The Joint Committee on Vaccination and Immunisation (JCVI) in their advice to you on 2 September 2021 on this subject said: ‘Overall, the committee is of the opinion that the benefits from vaccination are marginally greater than the potential known harms… but acknowledges that there is considerable uncertainty regarding the magnitude of the potential harms.

The margin of benefit, based primarily on a health perspective, is considered too small to support advice on a universal programme of vaccination of otherwise healthy 12 to 15-year-old children at this time…. JCVI is constituted with expertise to allow consideration of the health benefits and risks of vaccination and it is not within its remit to incorporate in-depth considerations on wider societal impacts, including educational benefits. The government may wish to seek further views on the wider societal and educational impacts from the Chief Medical Officers of the 4 nations, with representation from JCVI in these subsequent discussions.

Their full advice to you is appended in JCVI statement, September 2021: COVID-19 vaccination of children aged 12 to 15 years.

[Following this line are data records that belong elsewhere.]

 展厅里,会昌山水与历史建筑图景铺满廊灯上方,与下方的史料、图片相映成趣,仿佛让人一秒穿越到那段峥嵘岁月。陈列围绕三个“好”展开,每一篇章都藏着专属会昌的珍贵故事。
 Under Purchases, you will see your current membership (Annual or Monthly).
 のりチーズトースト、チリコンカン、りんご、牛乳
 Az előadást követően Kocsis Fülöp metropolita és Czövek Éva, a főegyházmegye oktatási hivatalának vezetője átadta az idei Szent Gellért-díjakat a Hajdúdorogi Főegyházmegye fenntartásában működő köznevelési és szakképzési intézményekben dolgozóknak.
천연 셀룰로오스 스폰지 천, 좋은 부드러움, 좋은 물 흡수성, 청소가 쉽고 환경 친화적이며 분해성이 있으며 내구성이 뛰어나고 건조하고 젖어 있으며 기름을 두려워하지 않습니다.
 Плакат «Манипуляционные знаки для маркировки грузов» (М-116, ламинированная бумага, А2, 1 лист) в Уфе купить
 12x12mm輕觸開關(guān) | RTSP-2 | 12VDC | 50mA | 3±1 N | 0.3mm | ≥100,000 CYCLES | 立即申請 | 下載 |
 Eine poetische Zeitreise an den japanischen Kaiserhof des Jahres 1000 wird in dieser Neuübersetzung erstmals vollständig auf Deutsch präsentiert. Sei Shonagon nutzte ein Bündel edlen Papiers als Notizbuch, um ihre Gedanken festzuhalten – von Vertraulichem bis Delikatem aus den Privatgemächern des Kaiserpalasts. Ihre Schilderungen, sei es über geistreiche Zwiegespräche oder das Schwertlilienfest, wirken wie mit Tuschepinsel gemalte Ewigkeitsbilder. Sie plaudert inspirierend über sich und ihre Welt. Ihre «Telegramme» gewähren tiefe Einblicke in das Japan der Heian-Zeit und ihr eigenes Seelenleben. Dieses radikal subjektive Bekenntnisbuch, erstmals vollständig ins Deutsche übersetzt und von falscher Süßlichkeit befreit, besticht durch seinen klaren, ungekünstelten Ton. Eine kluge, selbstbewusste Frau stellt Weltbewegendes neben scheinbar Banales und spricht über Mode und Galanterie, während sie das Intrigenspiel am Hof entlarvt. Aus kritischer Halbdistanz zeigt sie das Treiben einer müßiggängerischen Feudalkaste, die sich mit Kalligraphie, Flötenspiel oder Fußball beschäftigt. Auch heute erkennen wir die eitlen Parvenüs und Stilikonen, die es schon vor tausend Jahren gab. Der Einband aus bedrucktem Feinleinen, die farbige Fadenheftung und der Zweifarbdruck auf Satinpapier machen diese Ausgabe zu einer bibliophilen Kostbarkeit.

You accepted this recommendation from JCVI, and wrote to us on 2 September 2021 stating “We agree with the approach suggested by JCVI, and so we are writing to request that you take forward work (drawing on experts as you see fit) to consider the matter from a broader perspective, as suggested by the JCVI.”

The terms of reference (ToR) of this request, which the UK CMOs agreed, can be found in Terms of reference for UK CMO advice on universal vaccination of children and young people aged 12 to 15 years against COVID-19

In doing so we have been fortunate to have been informed by the independent expertise of leaders of the clinical and public health profession from across the UK. This has included Presidents and Chairs or their representative of:

  • Royal College of Paediatrics and Child Health
  • Royal College of General Practice
  • Royal College of Psychiatry
  • Faculty of Public Health
  • Academy of Medical Royal Colleges representing all the other Royal Colleges and Faculties
  • Association of Directors of Public Health
  • Regional Directors of Public Health
  • national public health specialists
  • experts in data and modelling

We are very grateful to them for taking considerable time and effort to consult their own colleagues in all 4 nations at short notice to get a comprehensive view of the balance of informed medical opinion and experience across the UK.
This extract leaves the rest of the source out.